40 anos depois de crianças encontrarem uma criança morta perto de uma estrada, a polícia de Vermont encontra os pais da criança e encerra o caso

Depois de mais de 40 anos de crianças de Vermont esperando por um ônibus escolar depois de encontrarem uma criança morta na beira da estrada, eles localizaram os pais da criança e a polícia estadual anunciou que nenhuma acusação será feita.

A criança morta foi encontrada em Northfield em 1º de abril de 1982. A polícia estadual disse Quarta-feira. Os investigadores confirmaram que a criança morta era um menino recém-nascido, mas sua identidade é desconhecida. Uma autópsia não conseguiu determinar a causa da morte ou se a criança morreu devido a condições médicas existentes, disse a polícia.

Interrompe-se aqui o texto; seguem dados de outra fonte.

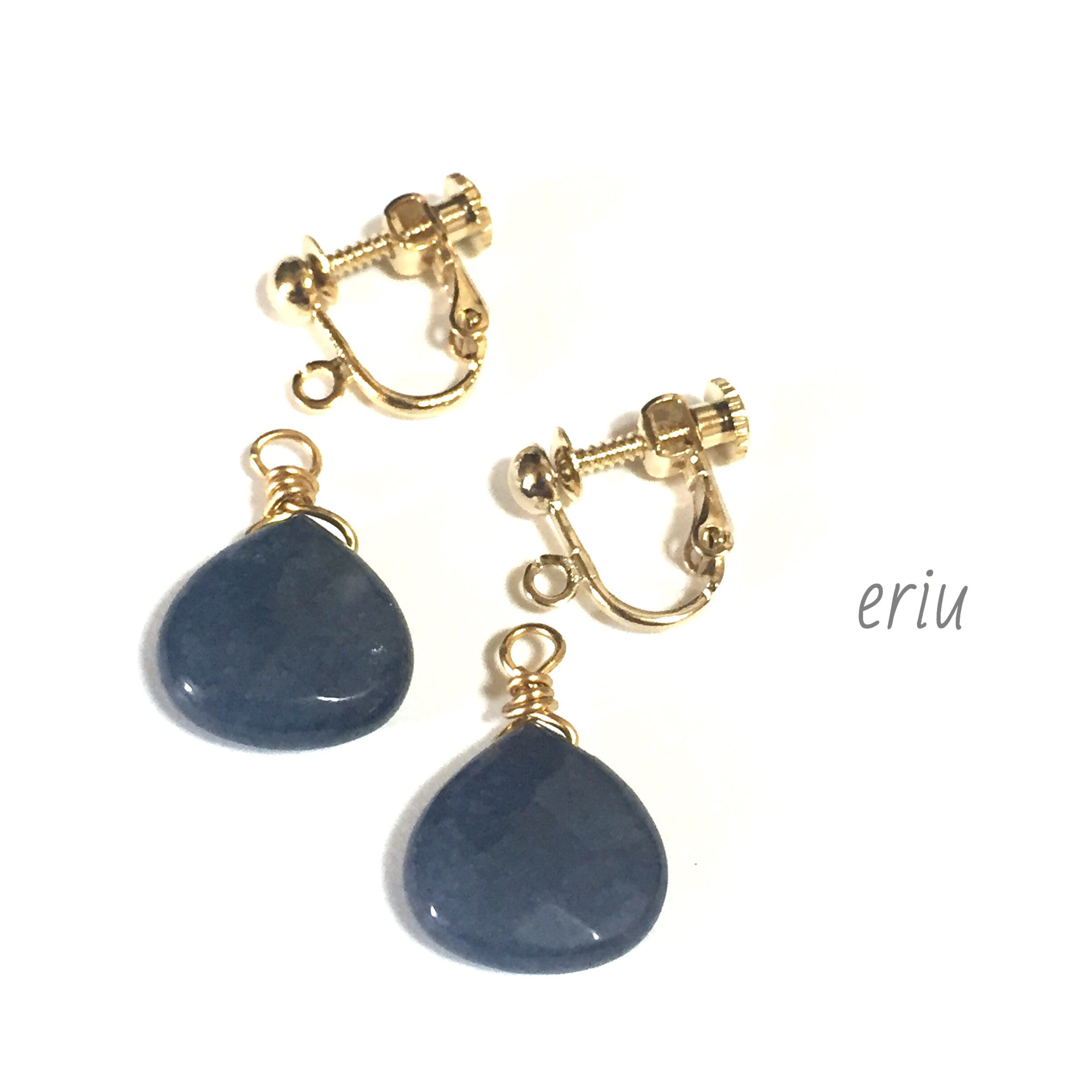 サファイアアゲートを使ったシンプルで上品なひと粒イヤリングです。
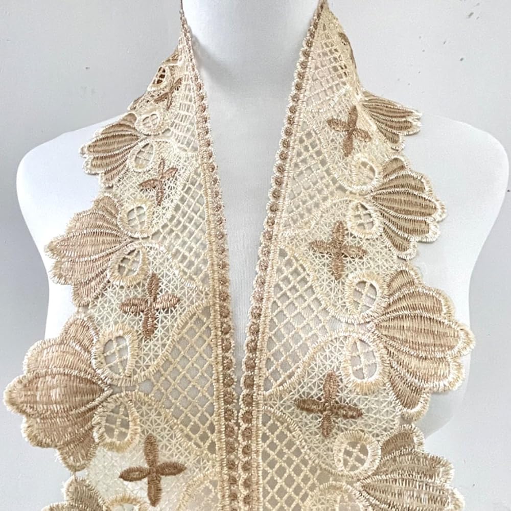 Lmlliang 5Yards 16.5cm Lace Trim Ribbon,Wide Embroidery Inelastic Sewing Lace Trim, for curtain sofa Sewing Making,Hemline Lace Home Decoration and Bridal Wedding Decorations(Beige)
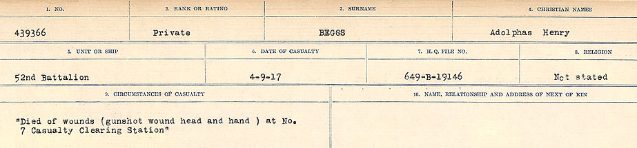Galerie numérique de Soldat Adolphus Henry Beggs

“Embora a forma de morte nunca tenha sido classificada como homicídio, os investigadores sempre tratarão este caso como homicídio até que essa classificação seja descartada”, disse a polícia.

As investigações iniciais não produziram nenhuma informação que identificasse a criança ou seus pais, disse a polícia. Provas de testes de DNA não estavam disponíveis na época e o caso continua sem solução, disse a polícia.

Marge Czok, que mora em Northfield, disse à afiliada da CBS WCAX-TV Ele trabalhava em um consultório médico quando a polícia começou a investigar.

“É um choque, é um choque total”, disse Chok. “Os médicos estavam discutindo o que havia acontecido e foi muito triste que isso tivesse acontecido”.


Em 2020, a polícia estadual se uniu a uma empresa de tecnologia de DNA para realizar análises genealógicas com trabalho financiado por doações. Em 2021, a agência forneceu os possíveis nomes da mãe e do pai biológicos da criança, que tinham ligações com a área de Northfield em 1982.

A Polícia Estadual de Vermont disse que contatou os homens em suas casas no Maine e obteve DNA deles para confirmar que eram os pais. O pai disse à polícia que já havia deixado Vermont há muito tempo, em 1982, e não tinha conhecimento da gravidez ou remoção da criança morta.

A mãe se declarou culpada de se livrar ilegalmente da criança natimorta. Ela disse que não sabia que estava grávida e não apresentava sintomas até começar a sentir dores de estômago. Ele disse à polícia que trabalhou sozinho por várias horas e perdeu a consciência. Ao chegar, percebeu que havia dado à luz um bebê, mas o cordão umbilical estava enrolado em seu pescoço e ela não sobreviveu, diz a polícia.

Ele disse que tinha planejado encontrar um lugar na floresta para enterrá-lo, mas ficou assustado com vozes enquanto caminhava pela floresta. Ela escorregou e o bebê caiu de seus braços e ela correu, disse a polícia.

“Eles conseguiram extrair muitos detalhes dela e, depois, poder passar um tempo com ela, conversar com ela e entender a situação do ponto de vista dela, não havia realmente nada que nos fizesse não confiar nela.” disse Capitão da Polícia do Estado de Vermont, Jeremy Hill.

A polícia estadual se reuniu com o promotor distrital sobre o caso, que determinou que as acusações de homicídio eram justificadas, disse a polícia. A polícia disse que as acusações relacionadas ao descarte não autorizado de um cadáver estão fora dos limites.

“Levou décadas para chegar a esta resolução”, disse a polícia em comunicado. “A Polícia Estadual de Vermont gostaria de expressar sua gratidão ao público que forneceu informações e doou para financiar os testes e análises de DNA”.

Em abril de 1982, um santo batizou o bebê de Matthew Isaac, e um funeral foi realizado na Igreja de Santa Maria em Northfield, disse a polícia. Matthew Isaac Doe foi enterrado no Cemitério Mount Hope após o culto.